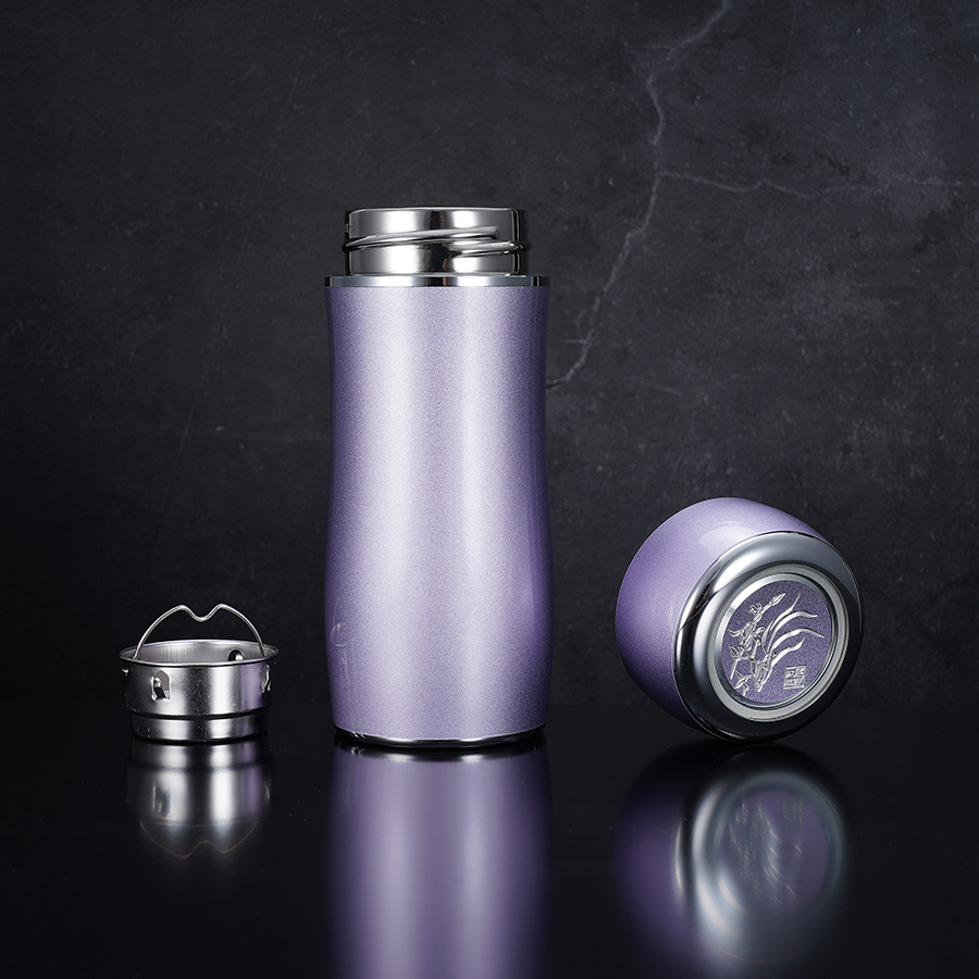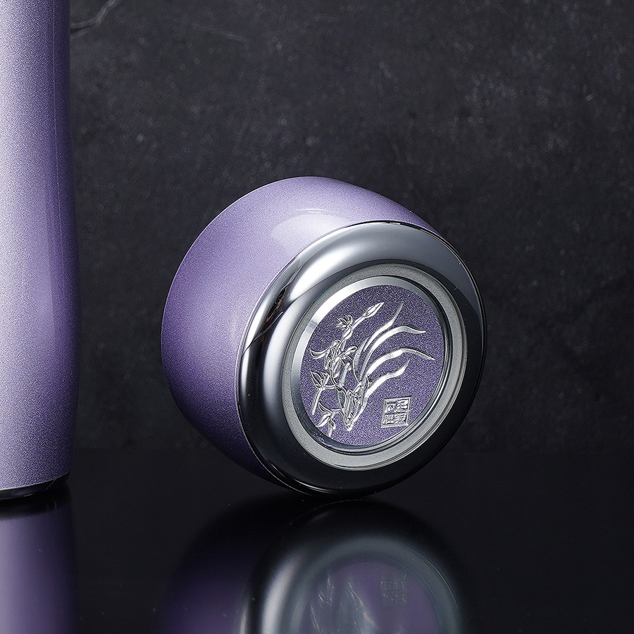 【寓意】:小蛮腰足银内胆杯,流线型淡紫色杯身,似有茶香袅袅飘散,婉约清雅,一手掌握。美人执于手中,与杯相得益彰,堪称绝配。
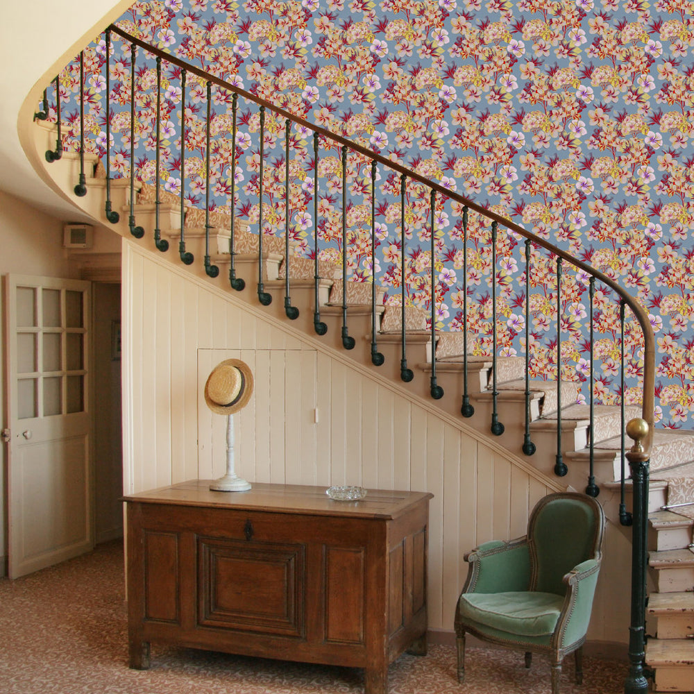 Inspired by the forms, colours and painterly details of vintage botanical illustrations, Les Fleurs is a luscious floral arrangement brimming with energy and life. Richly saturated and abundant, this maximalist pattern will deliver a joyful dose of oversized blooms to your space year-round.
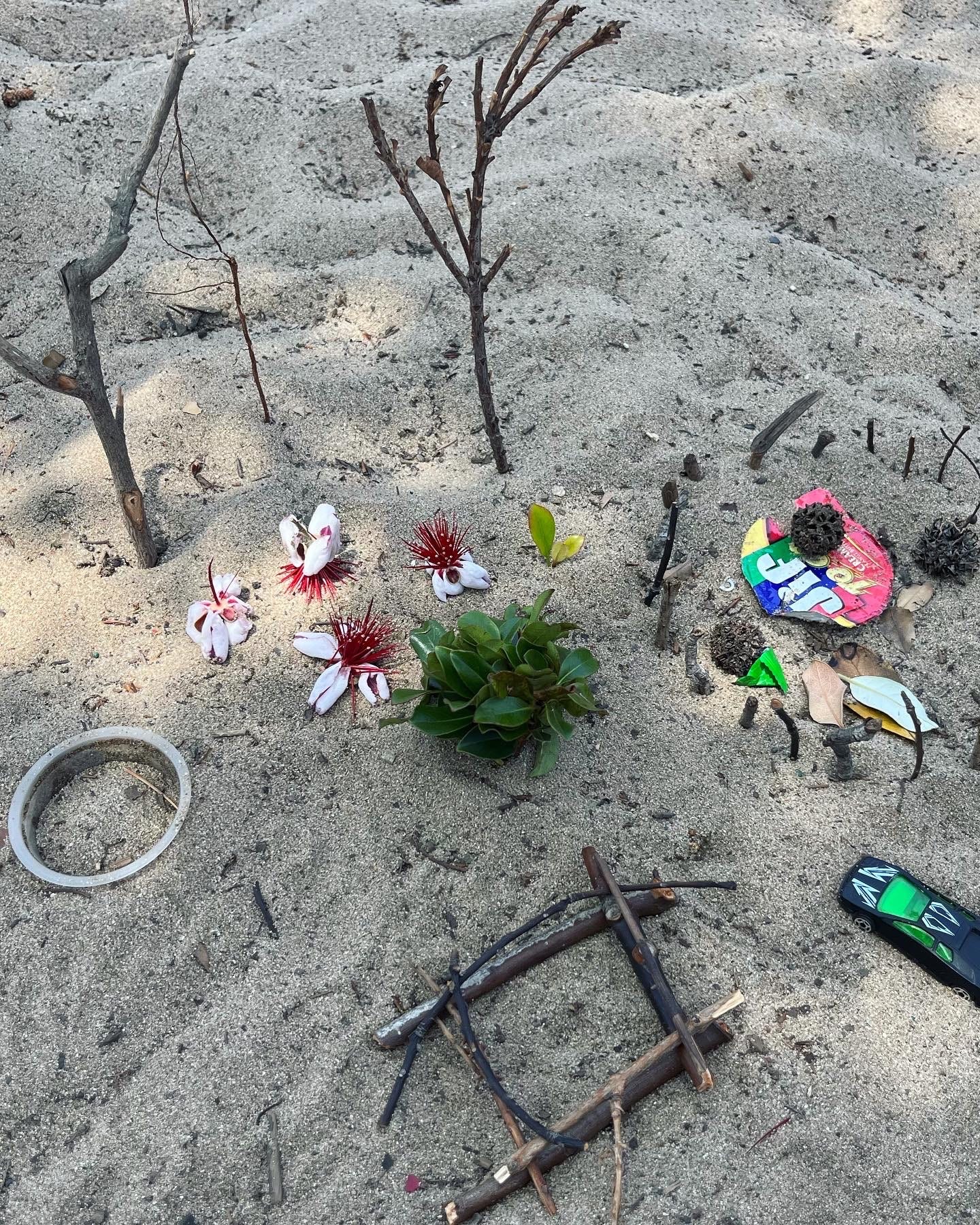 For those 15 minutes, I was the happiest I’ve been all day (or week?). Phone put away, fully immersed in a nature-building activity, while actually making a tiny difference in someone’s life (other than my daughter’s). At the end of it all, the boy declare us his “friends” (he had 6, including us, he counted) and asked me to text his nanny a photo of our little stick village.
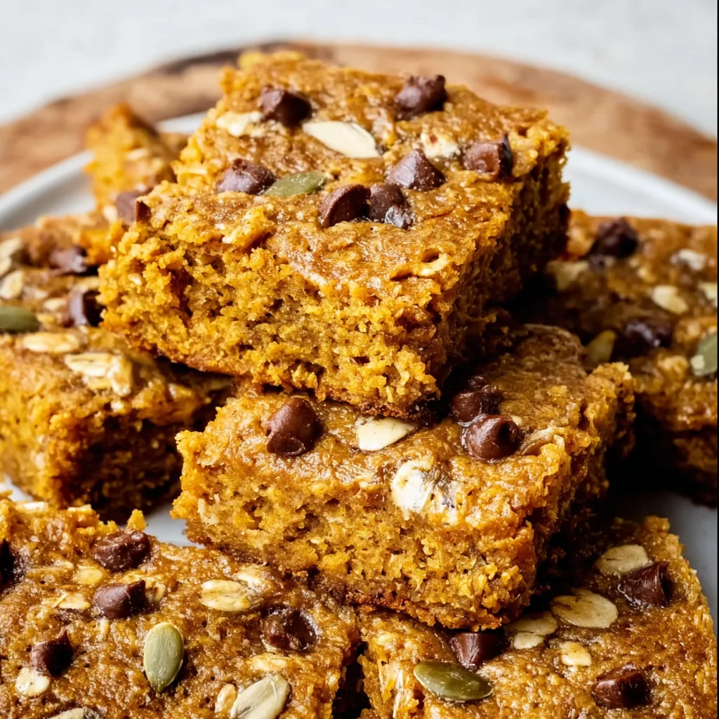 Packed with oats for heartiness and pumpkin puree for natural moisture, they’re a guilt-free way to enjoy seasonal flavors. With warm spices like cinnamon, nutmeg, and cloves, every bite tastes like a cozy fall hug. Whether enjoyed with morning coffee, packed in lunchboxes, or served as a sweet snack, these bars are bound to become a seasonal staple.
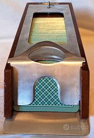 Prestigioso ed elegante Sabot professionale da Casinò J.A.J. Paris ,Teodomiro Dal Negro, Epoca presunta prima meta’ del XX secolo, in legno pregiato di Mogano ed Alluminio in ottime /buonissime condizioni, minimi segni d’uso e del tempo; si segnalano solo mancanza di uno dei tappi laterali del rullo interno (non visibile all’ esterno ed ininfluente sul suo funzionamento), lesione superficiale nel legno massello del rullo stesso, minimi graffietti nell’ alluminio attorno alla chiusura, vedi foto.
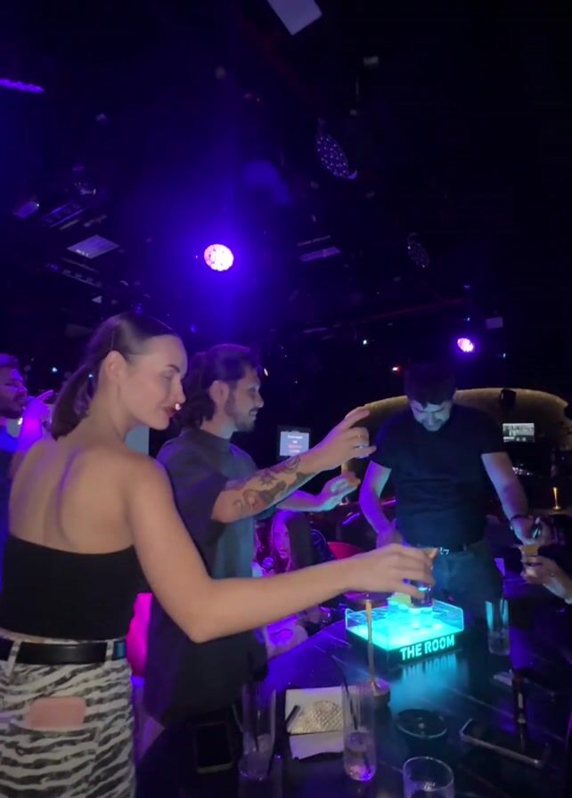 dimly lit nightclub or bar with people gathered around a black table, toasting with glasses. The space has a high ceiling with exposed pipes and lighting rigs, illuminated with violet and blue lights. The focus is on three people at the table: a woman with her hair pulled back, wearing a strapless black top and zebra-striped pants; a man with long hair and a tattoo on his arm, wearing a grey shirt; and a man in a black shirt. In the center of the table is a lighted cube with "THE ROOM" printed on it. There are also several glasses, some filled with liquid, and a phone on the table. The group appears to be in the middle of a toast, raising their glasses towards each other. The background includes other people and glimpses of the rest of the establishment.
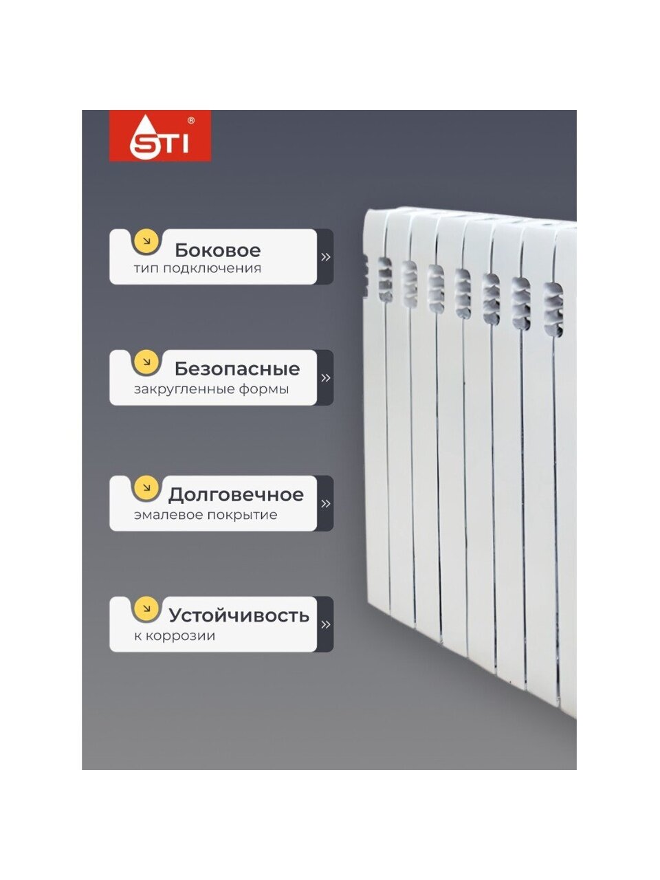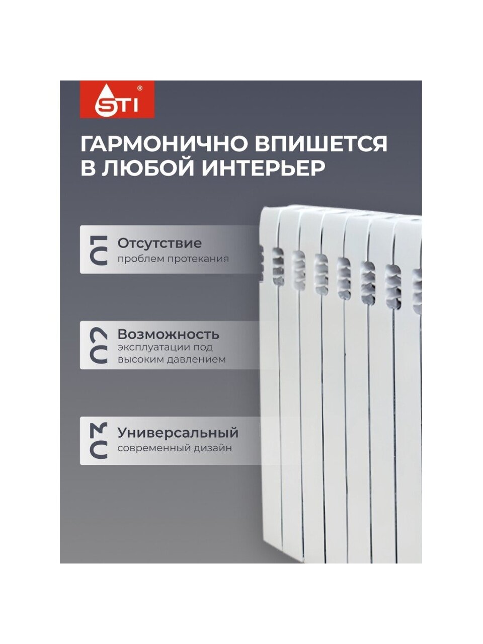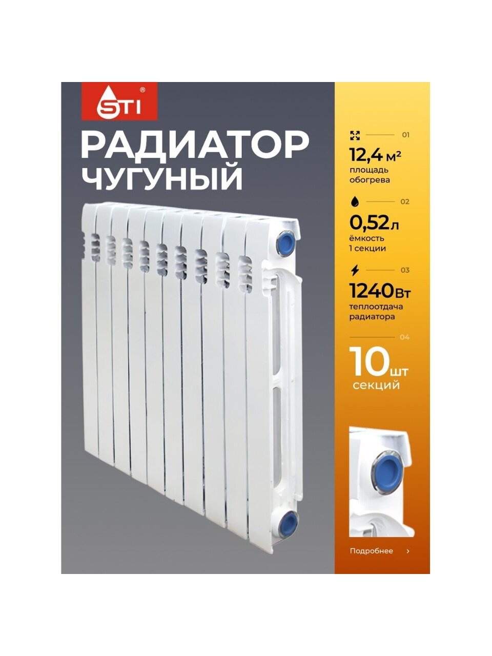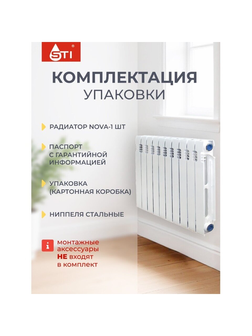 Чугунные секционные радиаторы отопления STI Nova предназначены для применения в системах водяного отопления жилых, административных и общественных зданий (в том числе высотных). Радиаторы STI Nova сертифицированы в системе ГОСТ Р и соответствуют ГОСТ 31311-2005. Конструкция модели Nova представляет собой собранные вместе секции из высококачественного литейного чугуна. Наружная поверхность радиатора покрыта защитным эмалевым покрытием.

★ ★ ★ ★

» Required action
The required output is the exact run of lines from the start of the records through the line containing "Packed with oats", both ends included, with no pictures.

» Exercise result
 【寓意】:小蛮腰足银内胆杯,流线型淡紫色杯身,似有茶香袅袅飘散,婉约清雅,一手掌握。美人执于手中,与杯相得益彰,堪称绝配。
 Inspired by the forms, colours and painterly details of vintage botanical illustrations, Les Fleurs is a luscious floral arrangement brimming with energy and life. Richly saturated and abundant, this maximalist pattern will deliver a joyful dose of oversized blooms to your space year-round.
 For those 15 minutes, I was the happiest I’ve been all day (or week?). Phone put away, fully immersed in a nature-building activity, while actually making a tiny difference in someone’s life (other than my daughter’s). At the end of it all, the boy declare us his “friends” (he had 6, including us, he counted) and asked me to text his nanny a photo of our little stick village.
 Packed with oats for heartiness and pumpkin puree for natural moisture, they’re a guilt-free way to enjoy seasonal flavors. With warm spices like cinnamon, nutmeg, and cloves, every bite tastes like a cozy fall hug. Whether enjoyed with morning coffee, packed in lunchboxes, or served as a sweet snack, these bars are bound to become a seasonal staple.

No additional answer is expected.